§ GOAL OF THE EXERCISE
Return each line exactly, from the one that has "The popper is" through the end of the entries, both ends included. Pictures do not belong.
[Start of section]
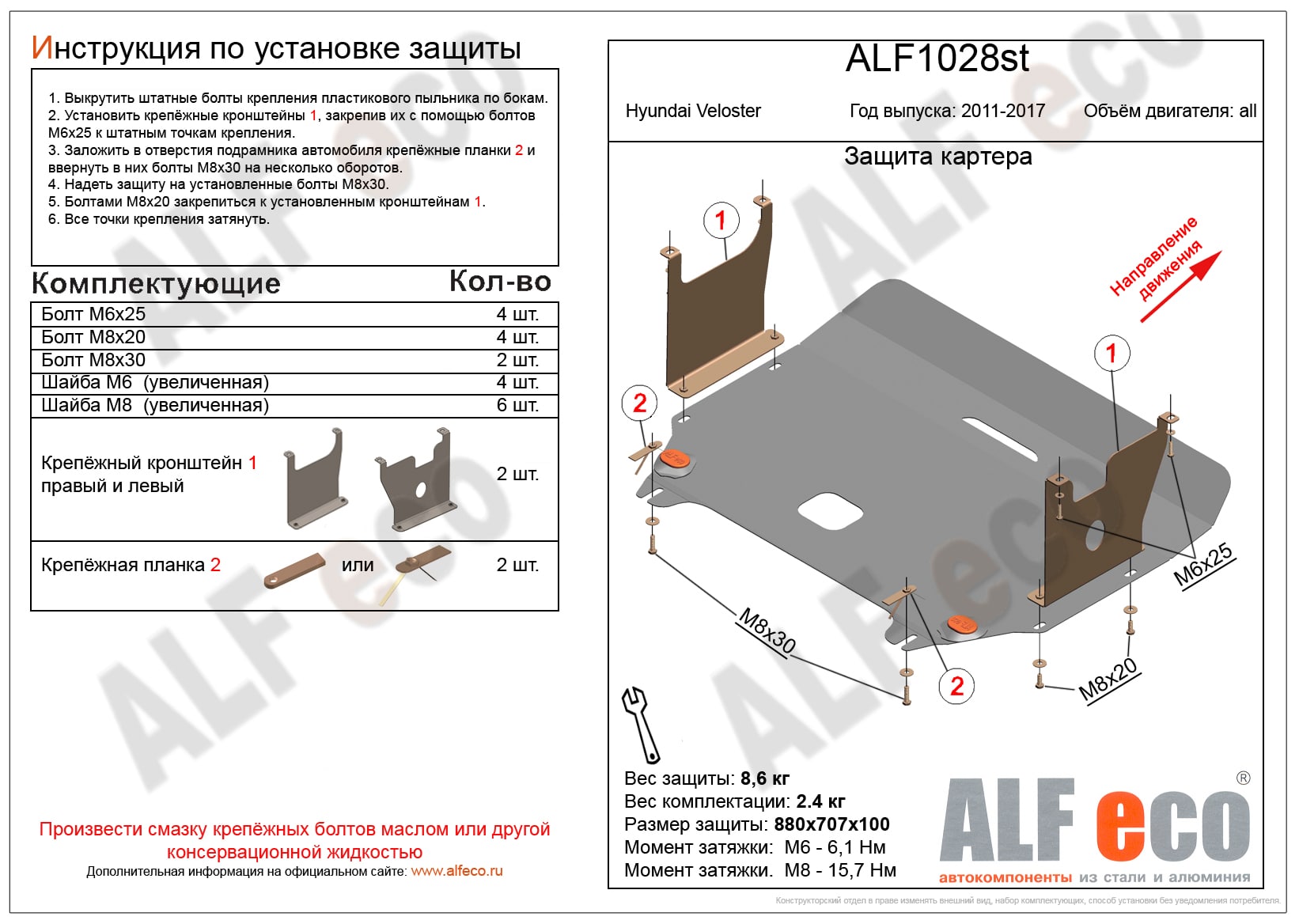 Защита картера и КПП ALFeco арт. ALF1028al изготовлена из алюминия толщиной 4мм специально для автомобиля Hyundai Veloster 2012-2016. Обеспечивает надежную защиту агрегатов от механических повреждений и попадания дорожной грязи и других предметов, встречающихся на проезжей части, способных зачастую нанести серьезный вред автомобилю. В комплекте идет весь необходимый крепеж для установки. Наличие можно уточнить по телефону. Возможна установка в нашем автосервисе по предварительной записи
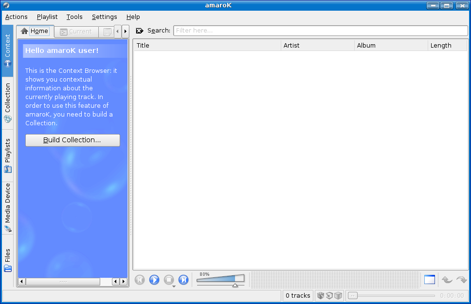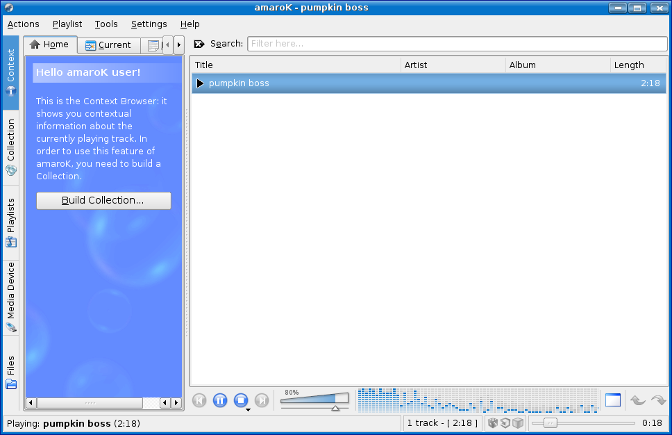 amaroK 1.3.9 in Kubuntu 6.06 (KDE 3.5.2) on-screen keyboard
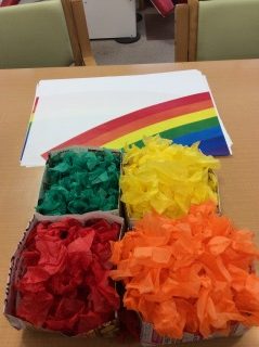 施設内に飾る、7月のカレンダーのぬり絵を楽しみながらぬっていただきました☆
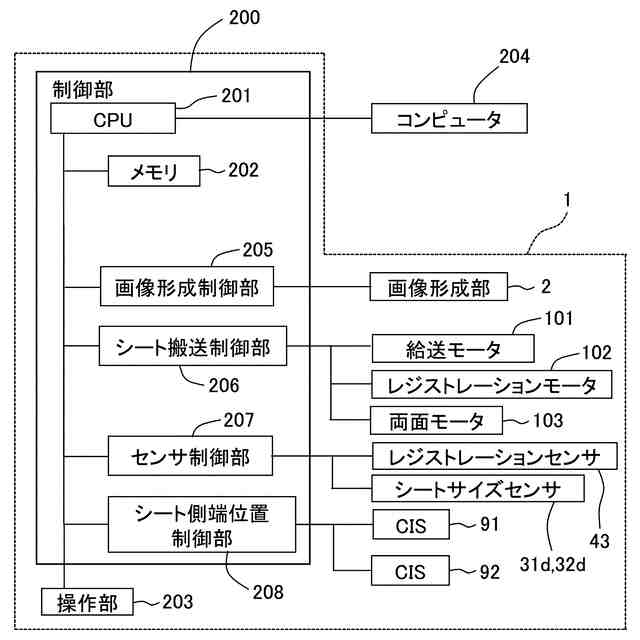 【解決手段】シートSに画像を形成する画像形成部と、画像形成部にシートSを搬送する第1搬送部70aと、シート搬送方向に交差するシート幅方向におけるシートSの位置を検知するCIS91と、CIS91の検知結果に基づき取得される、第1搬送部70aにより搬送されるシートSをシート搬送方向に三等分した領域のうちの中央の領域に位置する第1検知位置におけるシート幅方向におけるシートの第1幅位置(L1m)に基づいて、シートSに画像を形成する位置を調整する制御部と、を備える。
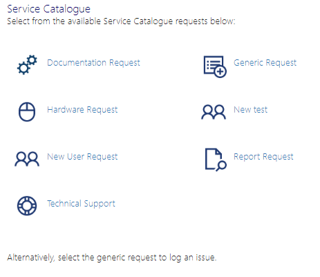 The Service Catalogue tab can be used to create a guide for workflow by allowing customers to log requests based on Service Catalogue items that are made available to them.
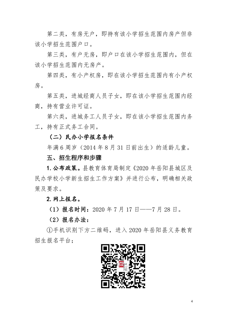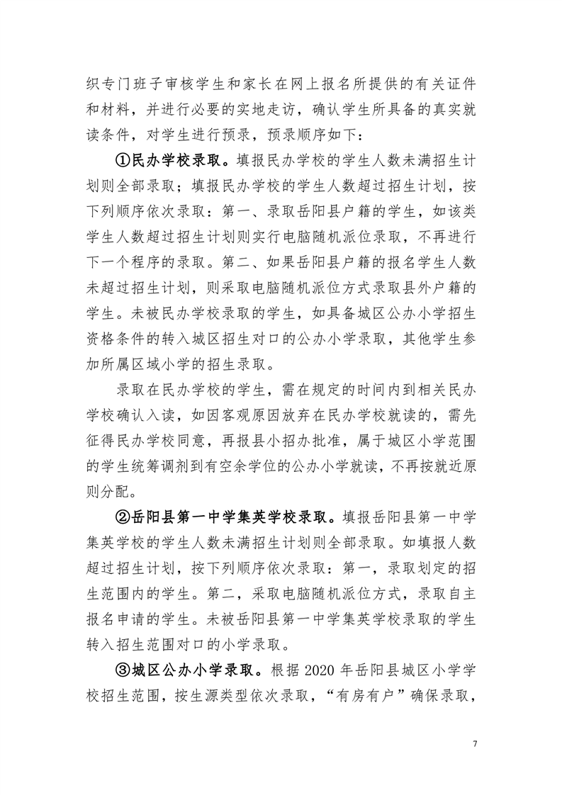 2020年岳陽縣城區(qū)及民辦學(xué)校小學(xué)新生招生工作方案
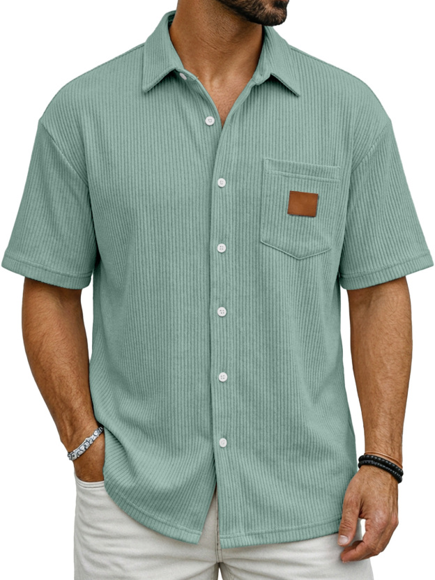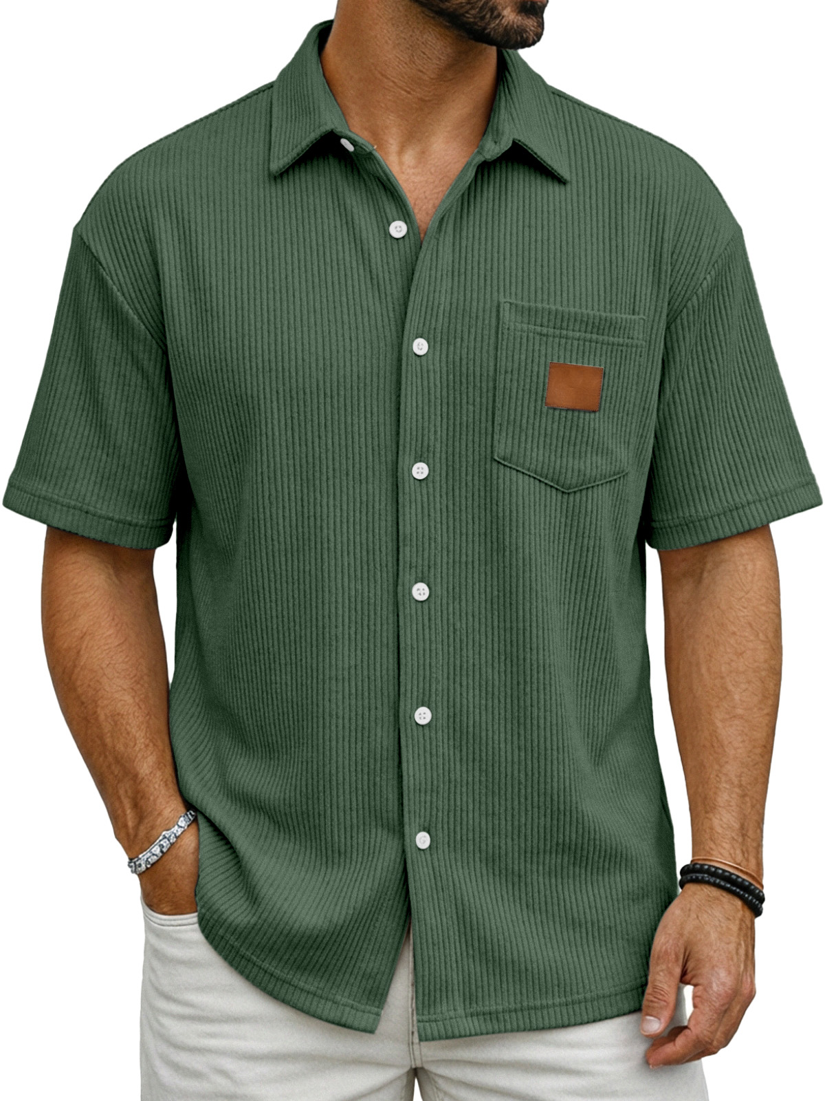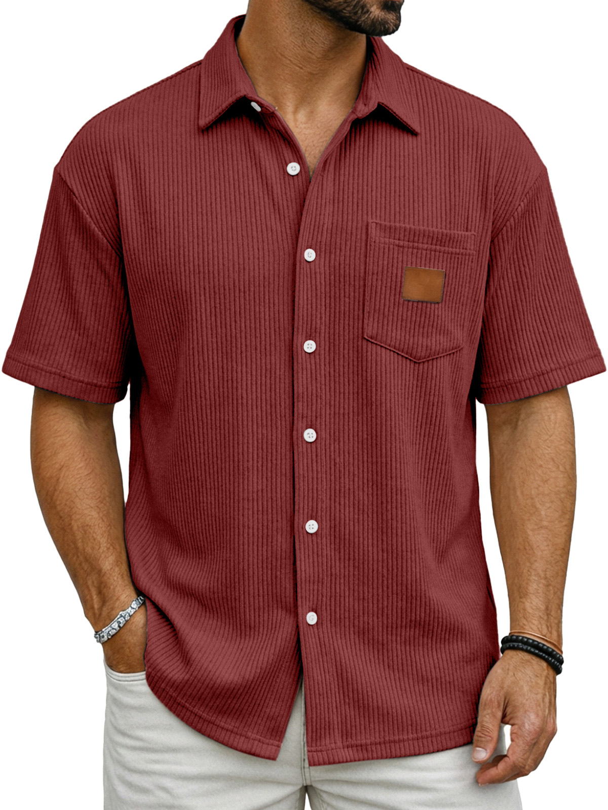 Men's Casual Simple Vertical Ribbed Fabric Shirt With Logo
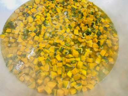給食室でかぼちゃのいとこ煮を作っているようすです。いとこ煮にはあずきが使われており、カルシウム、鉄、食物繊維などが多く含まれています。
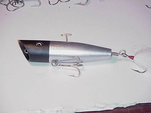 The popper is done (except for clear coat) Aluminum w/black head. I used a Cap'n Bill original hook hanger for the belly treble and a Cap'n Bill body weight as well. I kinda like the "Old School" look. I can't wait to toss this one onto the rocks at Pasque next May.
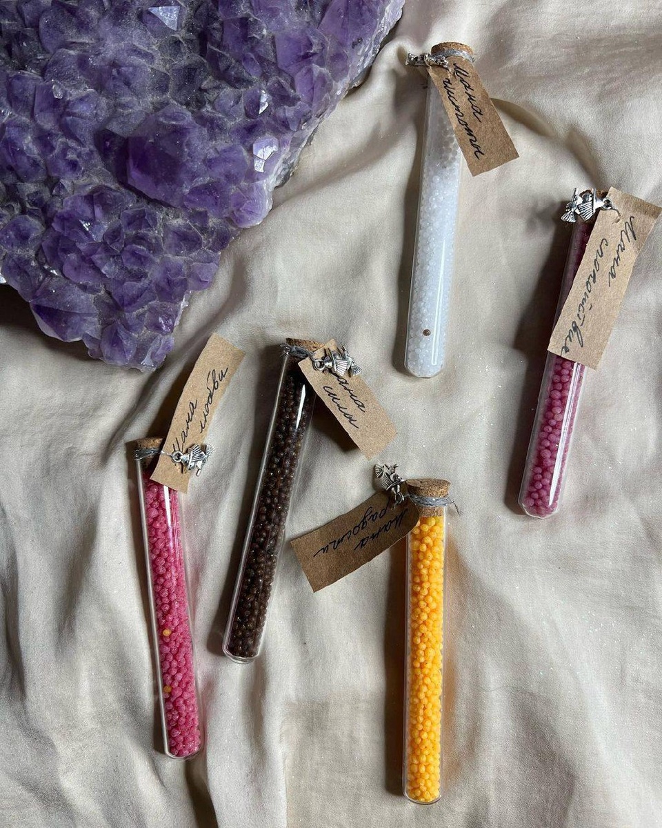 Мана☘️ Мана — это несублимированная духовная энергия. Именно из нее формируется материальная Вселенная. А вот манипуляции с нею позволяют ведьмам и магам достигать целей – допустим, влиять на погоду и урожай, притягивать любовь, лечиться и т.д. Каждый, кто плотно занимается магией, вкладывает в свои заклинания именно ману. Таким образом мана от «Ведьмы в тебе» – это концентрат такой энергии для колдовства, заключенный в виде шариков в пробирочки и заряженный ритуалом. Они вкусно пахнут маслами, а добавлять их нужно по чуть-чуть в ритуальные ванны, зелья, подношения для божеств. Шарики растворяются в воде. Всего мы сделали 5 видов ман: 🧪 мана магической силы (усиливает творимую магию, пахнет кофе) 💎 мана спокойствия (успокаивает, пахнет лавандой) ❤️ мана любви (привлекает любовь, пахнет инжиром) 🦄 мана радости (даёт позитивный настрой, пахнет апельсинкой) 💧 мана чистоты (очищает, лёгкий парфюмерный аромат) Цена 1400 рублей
[End of section]
§ YOUR RESPONSE
 The popper is done (except for clear coat) Aluminum w/black head. I used a Cap'n Bill original hook hanger for the belly treble and a Cap'n Bill body weight as well. I kinda like the "Old School" look. I can't wait to toss this one onto the rocks at Pasque next May.
 Мана☘️ Мана — это несублимированная духовная энергия. Именно из нее формируется материальная Вселенная. А вот манипуляции с нею позволяют ведьмам и магам достигать целей – допустим, влиять на погоду и урожай, притягивать любовь, лечиться и т.д. Каждый, кто плотно занимается магией, вкладывает в свои заклинания именно ману. Таким образом мана от «Ведьмы в тебе» – это концентрат такой энергии для колдовства, заключенный в виде шариков в пробирочки и заряженный ритуалом. Они вкусно пахнут маслами, а добавлять их нужно по чуть-чуть в ритуальные ванны, зелья, подношения для божеств. Шарики растворяются в воде. Всего мы сделали 5 видов ман: 🧪 мана магической силы (усиливает творимую магию, пахнет кофе) 💎 мана спокойствия (успокаивает, пахнет лавандой) ❤️ мана любви (привлекает любовь, пахнет инжиром) 🦄 мана радости (даёт позитивный настрой, пахнет апельсинкой) 💧 мана чистоты (очищает, лёгкий парфюмерный аромат) Цена 1400 рублей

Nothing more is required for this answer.